>_FUSEVM REFERENCE
Language-agnostic bytecode VM with fused superinstructions and a three-tier Cranelift JIT — linear (instant), block (CFG, threshold 10), tracing (hot loop body with side-exits, frame materialization, side-trace stitching). Auto-dispatched from VM::run() when tracing is enabled. The shared execution engine behind strykelang, zshrs, and awkrs. For full numbers / subsystem breakdown / file inventory see the Engineering Report.
ONE VM TO RUN THEM ALL.
FUSED SUPERINSTRUCTIONS. EXTENSION DISPATCH. 3-TIER CRANELIFT JIT.

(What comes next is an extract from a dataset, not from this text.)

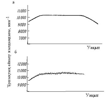 15.1 сурет. Базисті (а) жә не базисті-қ абатты реттеудегі ұ ршық тың айналу жылдамдығ ының ө згерісі Иіру жылдамдығ ын жинауды 12-15%-ғ а атқ арғ ан мерзімде базистік реттеу мен 1: 1, 5 диапазонында бекітіп реттеукө бінесе технологиялық процесс талаптарын қ анағ аттандырады. Бұ л жағ дайда ү зіктігі машинаның реттегішсіз жұ мыс істеуімен салыстырғ анда 8%-ғ а тө мендейді. Сө йтіп, мақ та иіретін машиналардың, ә детте, жетегі реттелмейді немесе иіру жылдамдығ ының базистік реттелуін қ амтамасыз етеді. Қ ымбат бағ алы шикізат ү шін (мысалы, таза жіпті тү тіп иіру) орнату бекіткіш, базистік жә не қ абатты реттеуді қ амтамасыз ететін кү рделі жетектерді қ олданғ ан тиімді. Тағ ы бір маң ызды жә йт, жү н иіретін машиналар ө те тө мен жылдамдық пен жұ мыс істейді жә не сондық тан да бұ л машиналардың қ озғ алтқ ыш қ ұ рылғ ыларының ө тпелі процестерінің серпіні мақ та иіретін машиналарғ а қ арағ анда едә уір жақ сырақ. Базистік-қ абатты реттеудің қ олданылуы жинаудың атқ арылуын ү зіктілікті азайтудың арқ асында қ ысқ артуғ а жә не шығ ындарды едә уір азайтуғ а мү мкіндік береді. Бұ л жү ннен бұ йым жасап шығ аратын ө ндіріс ү шін ө те маң ызды. Базистік-қ абаттық реттеу кезіндереттеу терең дігі 12-14% болғ ан жағ дайда ү зіктілік аз байқ алады. Бұ л жағ дайда машиналардың ө німділігі 3-9%-ғ а артып, қ алдық тардың мө лшері – 2-11% азаяды. Жоғ арыда айтылғ андарды ескерсек, ұ ршық тар жетегінің негізгі электр қ озғ алтқ ышы олардың айналу жиілігінің 2, 5-1 диапазонында бір сарынды ө згеруін қ амтамасыз ету керек. Мұ ндай электр қ озғ алтқ ыштар ретінде негізінен тұ рақ ты ток электр қ озғ алтқ ыштарын немесе коллекторлық ү ш фазалық ток электр қ озғ алтқ ыштарын қ олданады (15.2 сурет). Жіптің созылудын реттеудің қ арапайым тү рінде механикалық вариаторлы асинхронды жә не қ ысқ а тұ йық талғ ан қ озғ алтқ ыштар қ олданылады. Початкаларды бұ руғ а арналғ ан сақ иналы жұ қ а тақ тайшалардың, желдеткіштердің, транспортерлардың кө теру жә не тү сіру жетектері сондай-ақ асинхронды электр қ озғ алтқ ыштардан жү зеге асырылады.

fusevm is the shared execution engine behind
strykelang,
zshrs, and
awkrs.
Any language frontend compiles to the same Op enum and gets fused hot-loop dispatch,
extension opcode tables, stack-based execution with slot-indexed fast paths, and JIT eligibility
analysis — for free. The VM doesn’t care which language produced the bytecodes.

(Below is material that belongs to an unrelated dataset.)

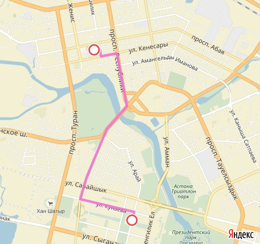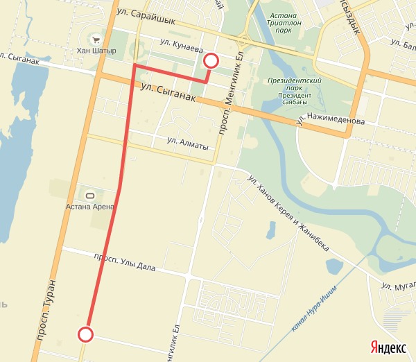 - по улице Д. Кунаева от улицы Туркестан до проспекта Кабанбай батыра;

stryke registers ~450 extended ops. zshrs registers ~20. awkrs registers ~95. They don’t conflict —
each frontend owns its own ID space via Extended(u16, u8). Process control ops
(pipes, redirects, globs, file tests) are first-class because multiple frontends need them.
[0x00] ARCHITECTURE
The Chunk is the unit of compiled bytecodes: an op array, constant pool, name pool,
line-number table, and slot count. The ChunkBuilder emits ops one at a time and
resolves forward jumps on .build(). The VM executes via a match-dispatch
loop over the op array. The JIT compiler analyzes chunks for eligibility and compiles hot paths
to native code via Cranelift.
[0x01] QUICK START
| Feature | Effect |
|---|---|
default | None — pure-Rust interpreter, runtime deps serde / tracing / glob / chrono |
jit | Cranelift-backed native JIT (linear, block, and tracing tiers). Pulls in Cranelift 0.130 |
jit-disk-cache | Persists compiled native code to ~/.cache/fusevm-jit so codegen is skipped across process restarts. Implies jit; on by default once enabled. Pulls in libc for executable memory mapping |
[0x02] FUSED SUPERINSTRUCTIONS
The performance secret. The compiler detects hot loop patterns and emits single ops instead of multi-op sequences. Each fused op eliminates N−1 dispatch cycles, stack pushes, and branch mispredictions from the hot path.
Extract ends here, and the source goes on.